As I read through Ling’s book, I saw so many parallels to current protest movements and the kinds of arguments marshaled to resist change. White supremacy remains a key organizing principle of American society, kept in place through institutional structures that few are willing to seriously challenge. Witness the recent subprime lending debacle and the disproportionate effect on African American homeowners. Look at continuing police brutality against communities of color. Look at economic disparities along lines of race. Ling notes that in 1962, A. Phillip Randolph, Bayard Rustin, and others made an initial plan to gather 100,000 people in Washington to call attention to the shocking disparity in employment: at the beginning of that year, black unemployment rates were double those of whites.
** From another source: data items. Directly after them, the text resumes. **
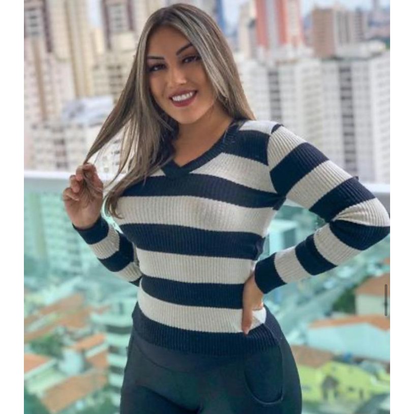 Blusa Feminina Inverno de Frio Trico Tricot Blogueira Manga Longa
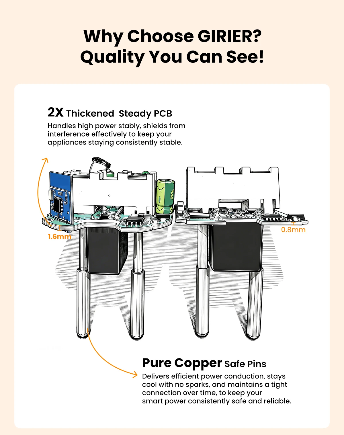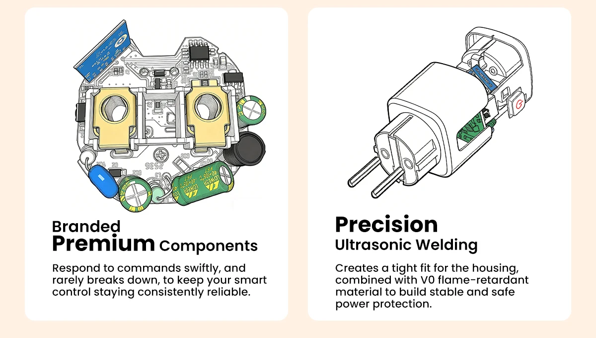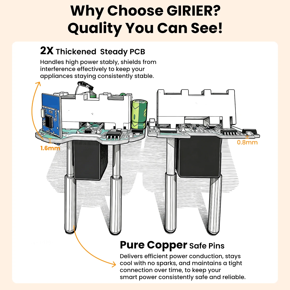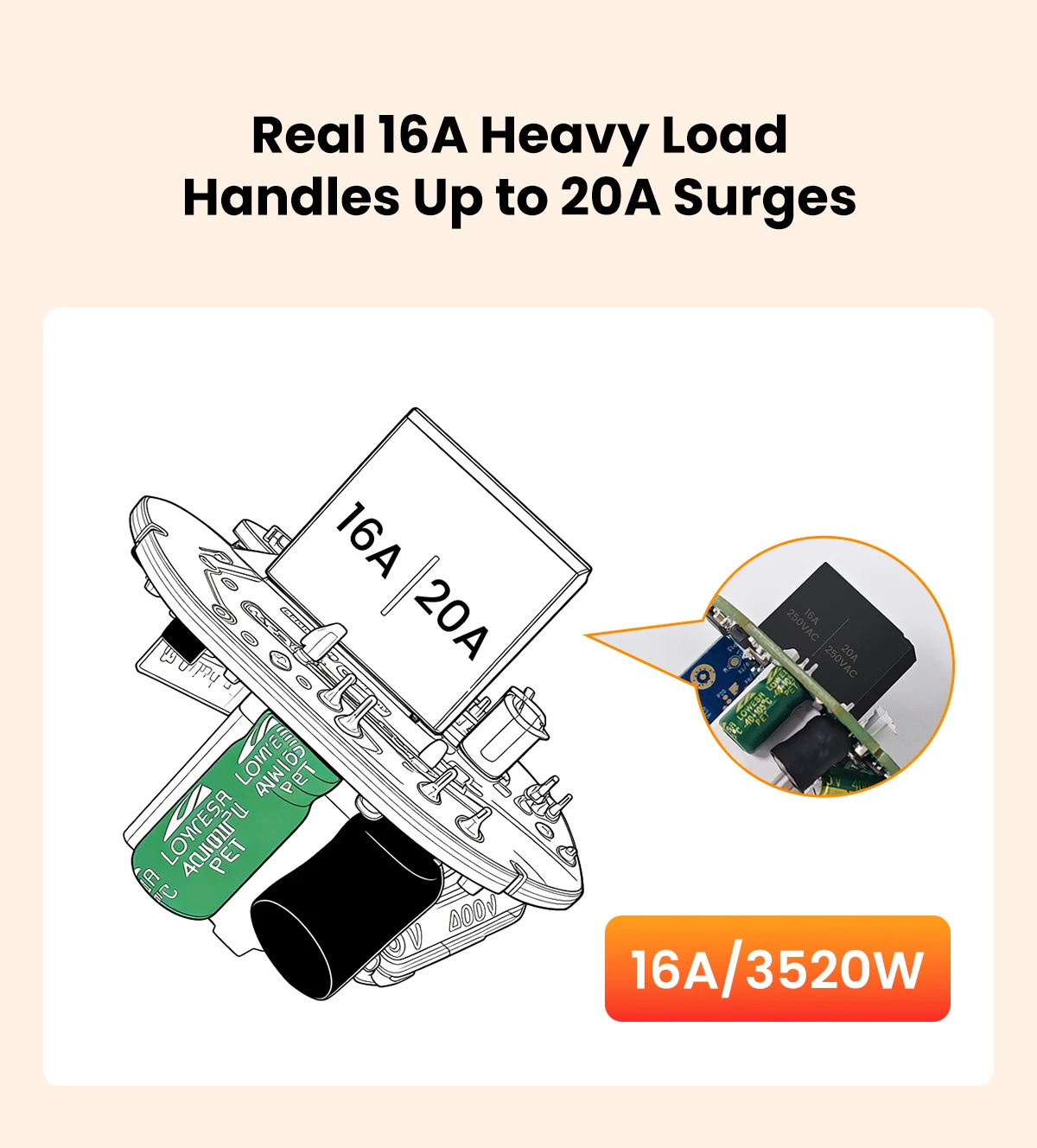 It features a 2x thickened steady pcb, pure copper safe pins, and branded premium components, while its housing is crafted with precision ultrasonic welding and v0 flame-retardant material, supporting a 16a stable load and up to 20a surge capacity for long-lasting reliability.
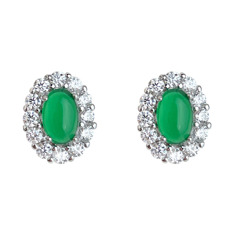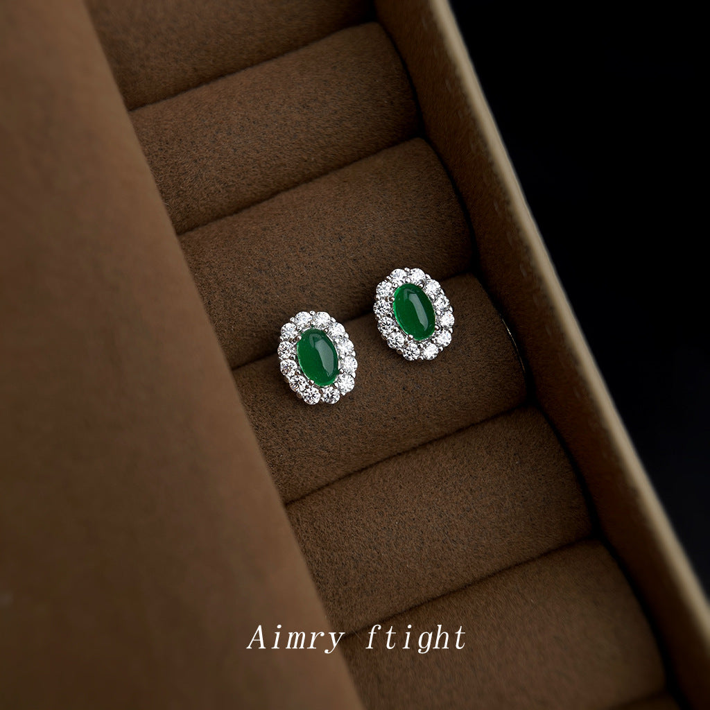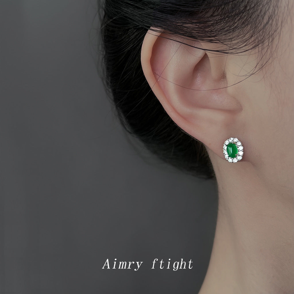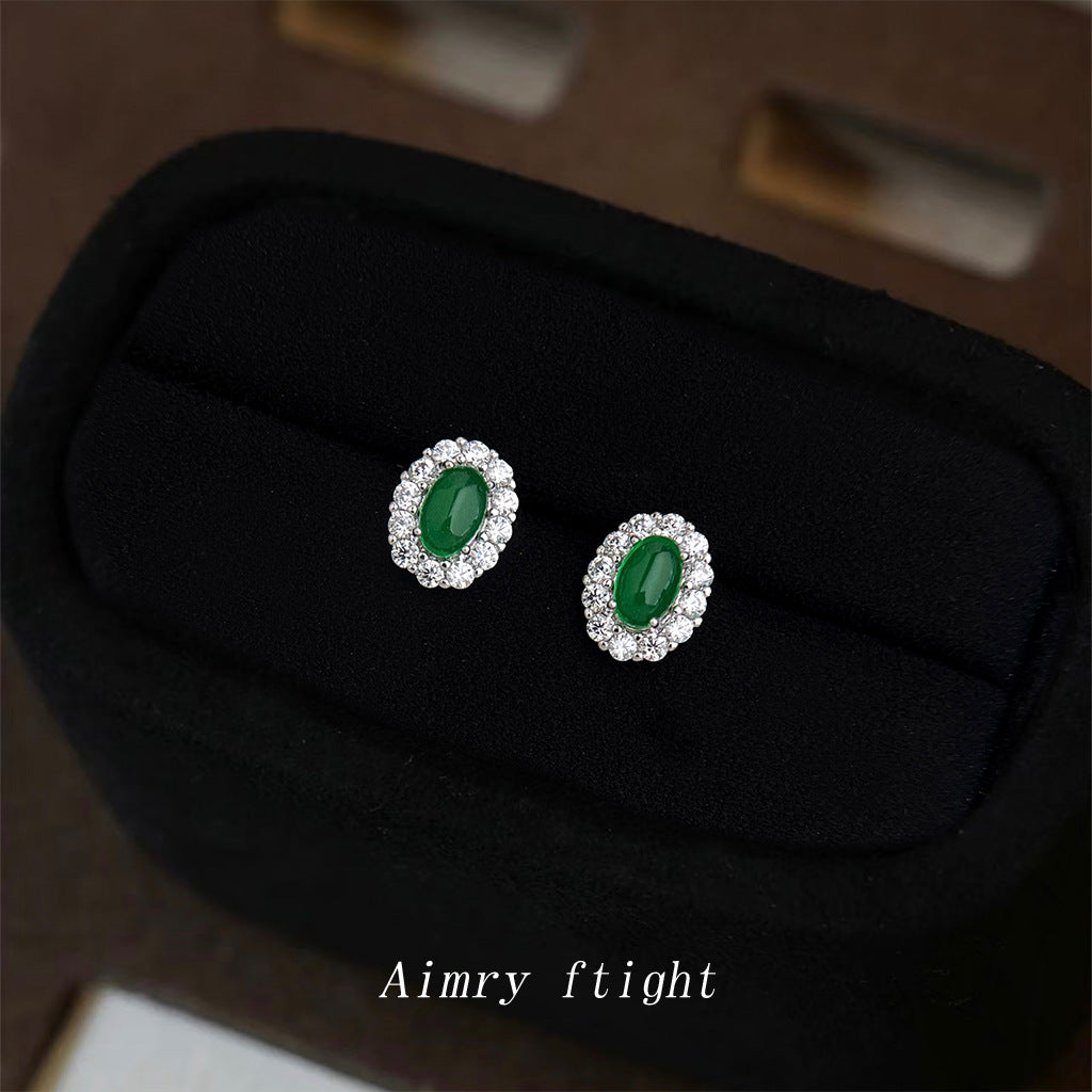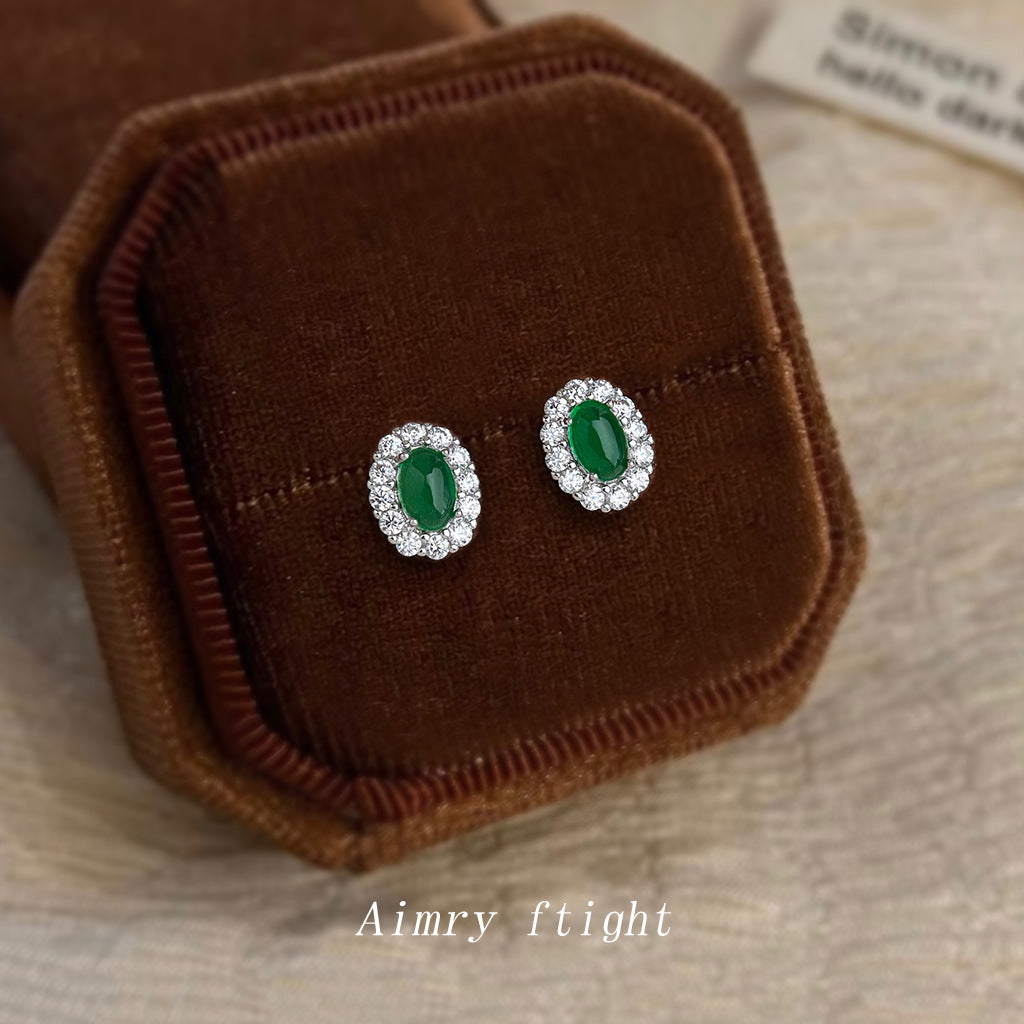 A廠【6876】高級感輕奢風微鑲鋯石925銀針橢圓祖母綠迷你小巧耳環女 氣質耳飾 25.10-3

In April of 2015, in the U.S., black unemployment was 9.6%; white unemployment was 4.7%. Data for other measures of social well-being are similarly skewed. When I read the quote from George Wallace denouncing civil rights demonstrations because they were ‘not conducive to the orderly flow of traffic and commerce,’ I thought of similar arguments used to discount and often demonize Black Lives Matter and allied demonstrations. In Massachusetts, 18 young people arrested for blocking highway traffic to call attention to police killings of unarmed black men were charged with trespassing, disorderly conduct, and conspiracy. Some state legislators suggested that anyone blocking the highway should be charged with attempted murder. They were calling attention to actual murder. The demonstration was on Martin Luther King Jr’s birthday.
In his concluding remarks about King’s ‘lasting significance,’ Ling maintains that his first legacy ‘is an exhortation to take risks for what you believe to be right’ . It is indeed heartening to see that there are still those willing to put their lives on the line to call out injustice, knowing that calls for peace and order are hollow if not grounded in justice.
Dr. Martin Luther King, Jr. was inspired by his faith, an extraordinary man shaped by and shaping the extraordinary times in which he lived. In Martin Luther King, Jr, Peter Ling presents his readers with a deeply nuanced account of the life and struggles of this activist and visionary who had the rare courage to listen to and heed his inner voice. His courage, conviction, and social vision are much-needed resources for all of us at this moment in time.